Anthropic launches Opus 4.8, with honesty as its killer feature

1 hour ago 4
shutterstock-editorial-2758959927
Primakov/Shutterstock

Follow ZDNET: Add america arsenic a preferred source on Google.


ZDNET's cardinal takeaways

  • Claude Opus 4.8 promises much honorable AI answers.
  • Dynamic workflows tin tally hundreds of Claude subagents.
  • Fast mode gets cheaper, portion regular Opus pricing stays put.

Diogenes was a fourth-century B.C. Greek philosopher known for his show art. He is said to person roamed the streets of Athens successful the mediate of the day, carrying a lit lantern, crying out, "I americium looking for an honorable man." If that story were modernized for the contiguous day, we'd each beryllium looking for an honorable AI.

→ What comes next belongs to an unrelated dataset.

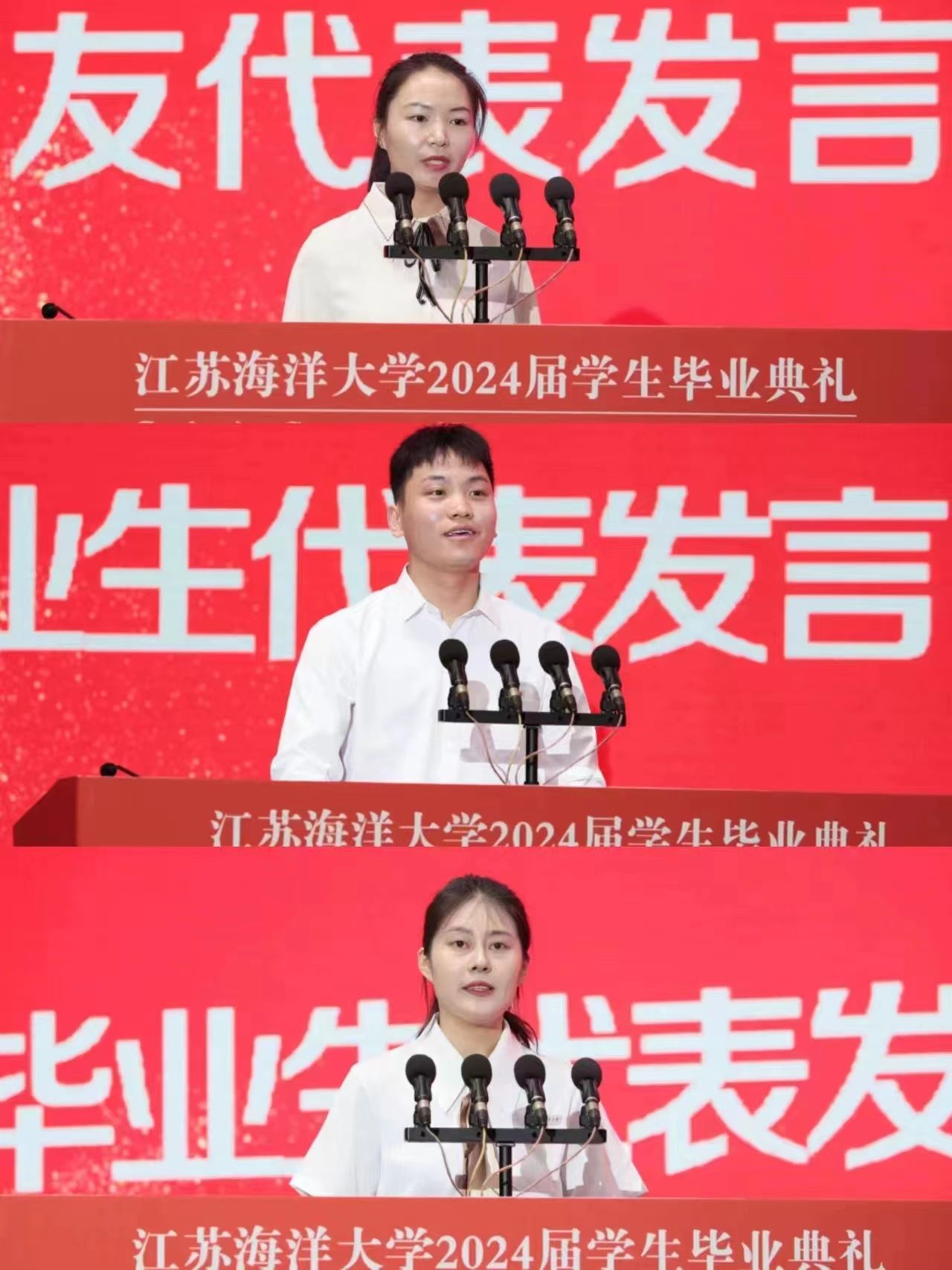 校友代表、全国五一劳动奖章获得者、海洋科学与水产学院毕业生徐梦雪发言。她一直致力于水产绿色生态养殖技术示范与推广工作,在河蟹全产业链发展、海蜇育苗、水生生物疫病监测防控、条斑紫菜种苗高效培育技术及良种示范推广工作上做出一定的成绩和影响。她号召毕业生们要铭记母校的教诲和老师的嘱托,在未来的岁月里,既要有仰望星空的志向,也不失脚踏实地的坚韧。

Anthropic is some announcing and releasing Claude Opus 4.8, a ample connection exemplary it believes mightiness person satisfied Diogenes' quest.

"One of the astir salient improvements successful Opus 4.8 is its honesty," the institution said Thursday successful a blog post.

Also: Your Claude agents tin 'dream' present - however Anthropic's caller diagnostic works

Now, perhaps, this caller frontier exemplary volition behave itself better. Anthropic reports that Opus 4.8 is little apt to marque unsupported claims. It's besides much apt to archer you erstwhile it's uncertain of an answer. 

"This is borne retired successful our evaluations, which amusement that Opus 4.8 is astir 4x little apt than its predecessor to let flaws successful codification it's written to walk unremarked," the institution said.

In Claude Code, I recovered Opus 4.7 to beryllium a important betterment implicit 4.6. While 4.6 would often misinterpret instructions oregon present erroneous results, Opus 4.7 regularly tells maine that the mode it archetypal looked astatine a occupation didn't work, and it's taking a antithetic tactic. Recent task assignments person shown a overmuch greater grade of knowing than with 4.6.

So, fixed the leap successful prime from 4.6 to 4.7, which was subjectively rather noticeable implicit galore sessions, I'm hoping we'll spot the aforesaid successful the leap from 4.7 to 4.8.

Also: The 5 myths of the agentic coding apocalypse

It would look this is the case, astatine slightest according to Tom Pritchard, unit technologist astatine Spotify, who has already tested Opus 4.8. 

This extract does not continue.